8 Réponses pour Une rustine sur le cul d’un cheval

C.P. dit: à

Bel article, beau travail et orgueil fondé.
Ma vie familiale et ma « carrière » ont été essentiellement françaises. Mais, d’enfance et de langue maternelle américaines, si je lis « en direct », -et m’arrange avec les trouvailles verbales par exemple-, dans les deux langues respectivement, c’est souvent un second plaisir de découvrir une traduction et plus : un traducteur à son tour écrivain enrichissant en effet la langue d’accueil.

* moN dit: à

Bernard,une bonne surprise de te lire ici.
Avec mon meilleur souvenir.Alain,de Lyon.

J.Ch. dit: à

merci pour cet article… qui donne vraiment envie de lire cet auteur que je vais m’empresser de découvrir

Giovanni Sant'Angelo dit: à


…s’intégrer à un exemple de miroir,…avec un cadre de paillettes fusionnées,…des histoires et romans de souvenirs encore chauds,…des ressemblances copier-coller de notre temps,…un modus vivendi,…des modes de passe-partout,…à tout prendre,…
…etc,…Oui, j’exagère sur ce coup là,…

SF dit: à

Tiens, décidemment, Hopper est à la mode pour les book packagers!!
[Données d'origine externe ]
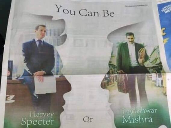 क्या कहता है विज्ञापनबता दें कि यह फुल पेज विज्ञापन इंदौर इंस्टीट्यूट ऑफ लॉ का है. इसमें लिखे हुए टेक्सट को पढ़ने के लिए दो किरदारों की तस्वीरें हैं, "आप हार्वे स्पेक्टर या जगदीश्वर मिश्रा हो सकते हैं, पसंद आपकी है". हार्वे स्पेक्टर को अमेरिकन सीरीज 'सूट' से काफी पहचान मिली थी. उस सीरीज में वह एक महंगे वकील का किरदार निभाए थे. जबकि, जगदीश्वर मिश्रा लखनऊ के एक स्ट्रगलर वकील हैं, जो एक अनुभवी और चालाक वकील के खिलाफ कानूनी लड़ाई लड़ने की हिम्मत करते हैं और उनसे वह केस जीत भी जाते हैं.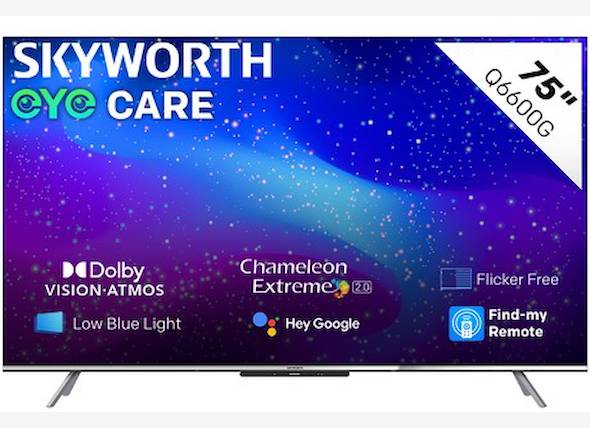 The Skyworth 75-inch QLED Google TV (75Q7700G) is a high-performance smart TV designed to deliver premium picture quality and immersive sound. A fantastic choice for those seeking a high-end 4K TV with cutting-edge features like QLED display technology, Dolby Vision, Dolby Atmos, and smart Google TV functionality.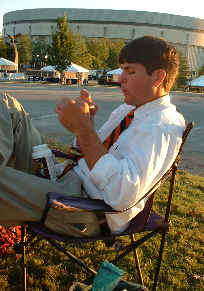Bryan recites a frat pledge to a match. Kids today. This is what they're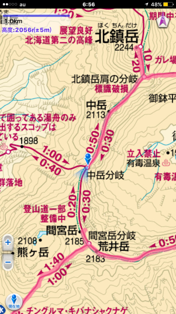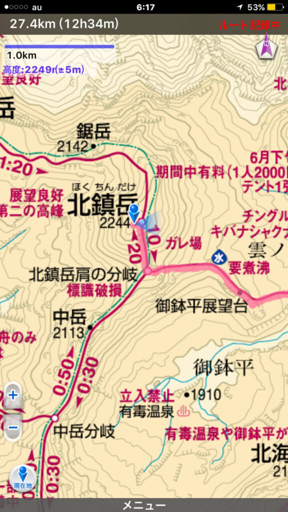 ▼位置:雨が降らなければ、歩いてふもと駅まで降りようと思ったが、素直にロープウエイを使うことにした。登山はここで終了。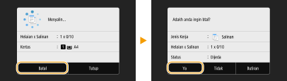 Jika anda ingin membatalkan penyalinan serta-merta selepas memilih <Mula>, pilih <Batal> pada skrin atau tekan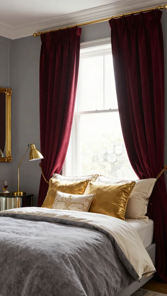 Fun fact: Rich burgundy curtains deepen grey bedroom curtains colour schemes, often making the space feel 15% cozier. Pair them with gold or brass accents so the burgundy really pops.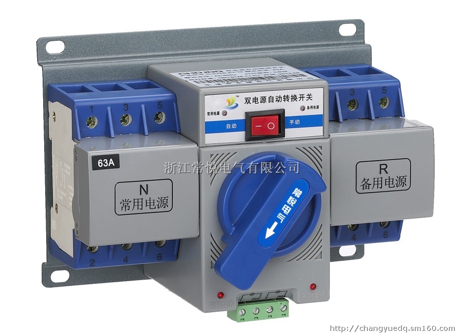 CYQ3R-63迷你型双电源自动切换开关(切换装置)适用于交流50HZ,额定工作电压380V及以下的双电源供电系统,用自动或手动操作方式来完成常用电源与备用电源之间的切换。该切换开关主要用于医院、商店、银行、冶金、高层建筑、军事设施等不允许断电的重要场合。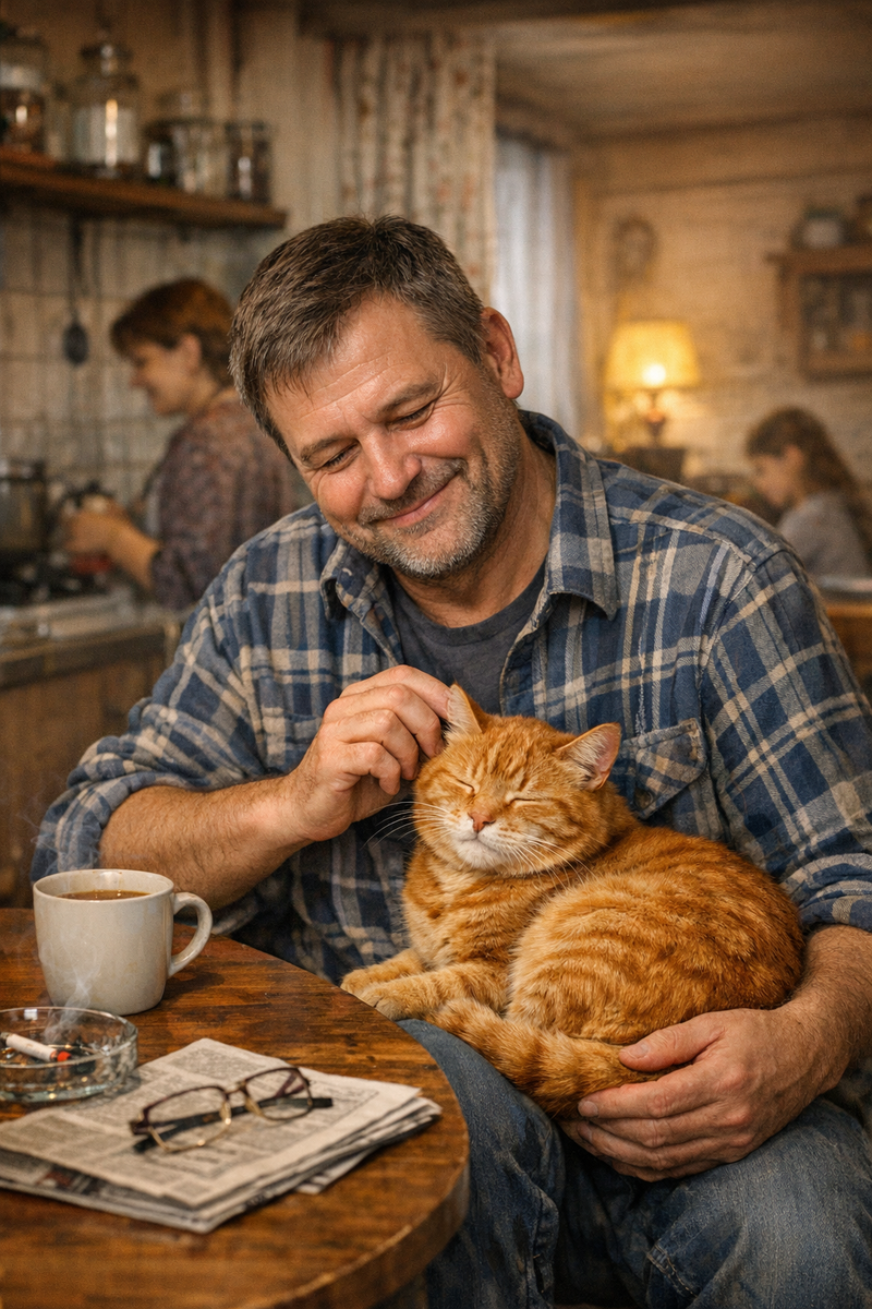 Однажды вечером Василий сидел на кухне. Рыжик запрыгнул к нему на колени, свернулся клубком, замурлыкал. Василий погладил его по тёплой, мягкой спине. Кот подставил голову, зажмурился от удовольствия.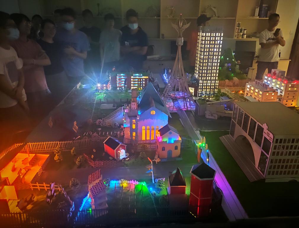 汇报开始后,各小组顺序上场进行展示,同学们简单介绍了在通用技术课程中的学习成果、实践体验、小组分工以及感悟体会。因为在作品设计和制作时倾注了大量的热情和心血,各小组成员在展示时显得格外积极自信。有同学说:“一开始连最基本的线条都不会画,后来居然能造一栋建筑出来”、“3DsMAX画图真的要像绣花一样有耐心”。汇报结束后,大家一起参观了“梦想小镇”。“夜晚”的小镇灯火通明,透过窗户,还能看到房子中的桌椅板凳。相信同学们收获的不仅仅是新技术,还有对自己的认可。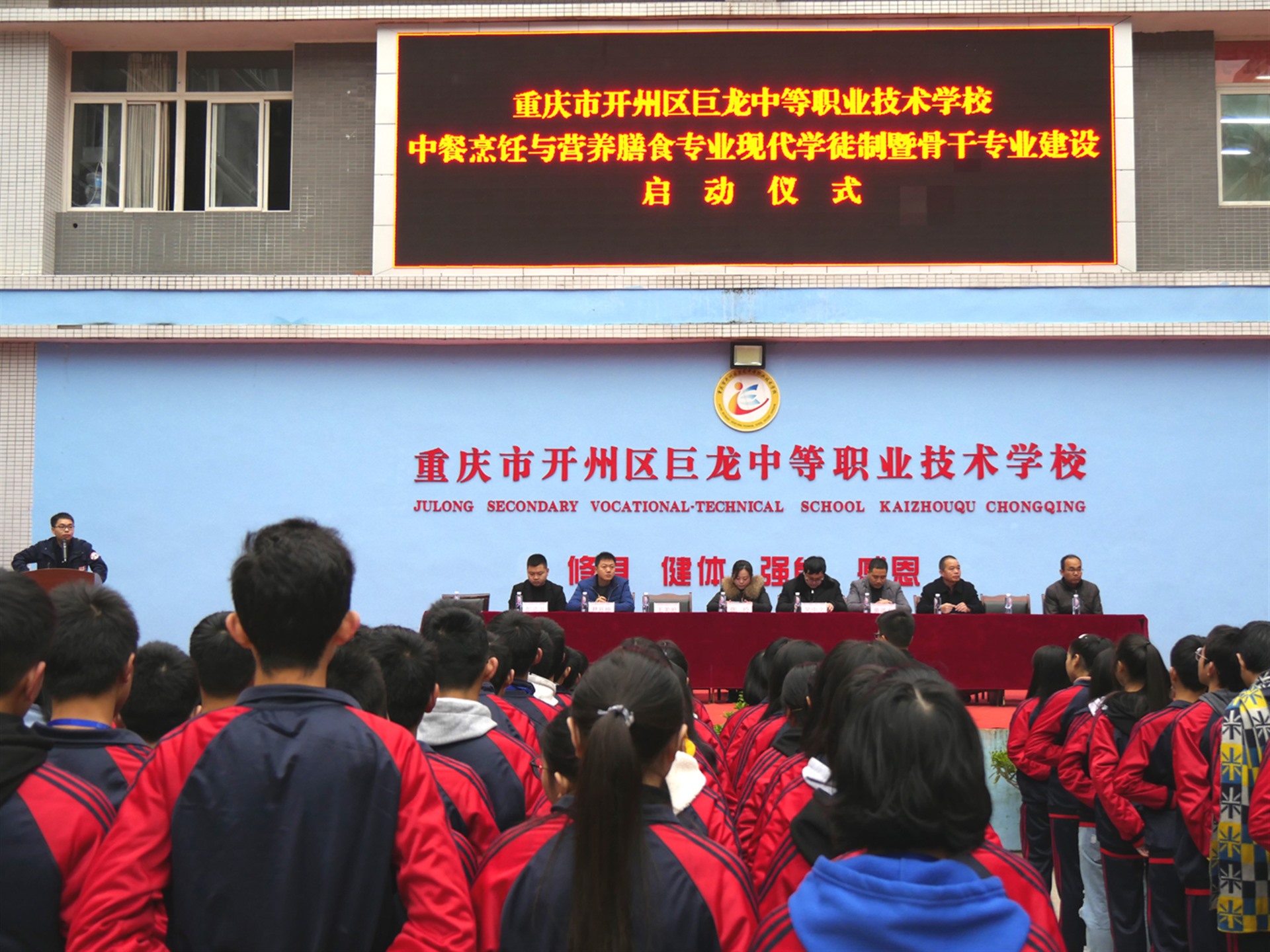 为贯彻落实《国务院关于加快发展现代职业教育的决定》和《教育部关于开展现代学徒制试点工作的意见》有关要求,经重庆市教委组织专家择优遴选,开州区巨龙职校脱颖而出,被列为全市开展“中职学校现代学徒制试点校”之一,其“中餐烹饪与营养膳食”专业入选全市首批“紧缺骨干专业”。 深化产教融合、校企合作,完善技术技能人才培养模式是现代职业教育发展的必然要求。近年来,开州区巨龙职校积极推行职业教育改革,在取得重庆市级重点中职学校和市级改革发展示范校之后,又以“中餐烹饪与营养膳食”专业建设为抓手,扎实开展重庆市“现代学徒制“试点工作。 按照《重庆市中等职业教育现代学徒制试点项目实施方案》和《重庆市中职骨干专业建设方案》,2018年12月15日,开州区巨龙职校实施的全市中职骨干专业建设项目和现代学徒制“试点工作全面启动。 全方位、多角度邀请相关专家会诊紧缺骨干专业建设方案
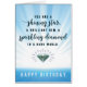Wünschen Sie jemandem einen guten Geburtstag mit diesem brandneuen Design mit der Botschaft: "Du bist ein glänzender Stern, ein geniales Juwel, ein funkelnder Diamant in einer dunklen Welt. GLÜCKLICH GEBURTSTAG." Das Design wird mit Diamantenabbildungen und Lichtstrahlen auf gradientenblauem Hintergrund betont. Inside hat diese Botschaft, kann aber angepasst werden: Sie sind würdig, einzigartig, wirklich phantastisch. Hoffe, dass dein Geburtstag voller blendendes Licht ist, ein echtes Spiegelbild deiner strahlenden Schönheit, innen und außen.

Merci de ce formidable article sur les joies et les périls la traduction. Un exercice passionnant, et souvent sur la corde raide, lorsque l’on traduit des quasi dialectes (Camillieri, Sorrentino), ou des exercices oulipiens. (« A void, » traduction de « La Disparition » de Perec…)

SF dit: à

les périls DE la traduction.

Hugo Savino dit: à

Cher M. Assouline: je suis un traducteur argentin. Bernard Hoeopffner est un grand maestro de la traduction.
Cordialement,
Hugo Savino

Highlander dit: à

Très beau texte, effectivement. Etant moi-même traducteur (« Les Bienveillantes » en albanais, par exemple), j’avais bien vu qu’il y avait un travail à faire sur le langage de ce Max Aue, un langage assez froid par moments, désabusé (surtout dans le premier chapitre « Toccata »). Ses phrases se composaient souvent en trois parties, elles étaient assez aéerées, il y avait une cadence bien à lui à suivre… Eh bien, j’ai voulu garder la même chose en albanais, en donnant un Aue qui parle lentement mais surement, qui sait donc de quoi il s’agit, il connait bien son sujet. L’éditrice en a décidé autrement, en supprimant une virgule et du coup les phrases ont pris un peu plus de vitesse, en donnant une impression d’Aue qui parle vite, genre Mussolini ou n’importe quel acteur italien, Sordi en tête. Qui a raison ? Comme toujours, celui qui tient les billets. Enfin. Pas facile pour le traducteur de défendre son auteur.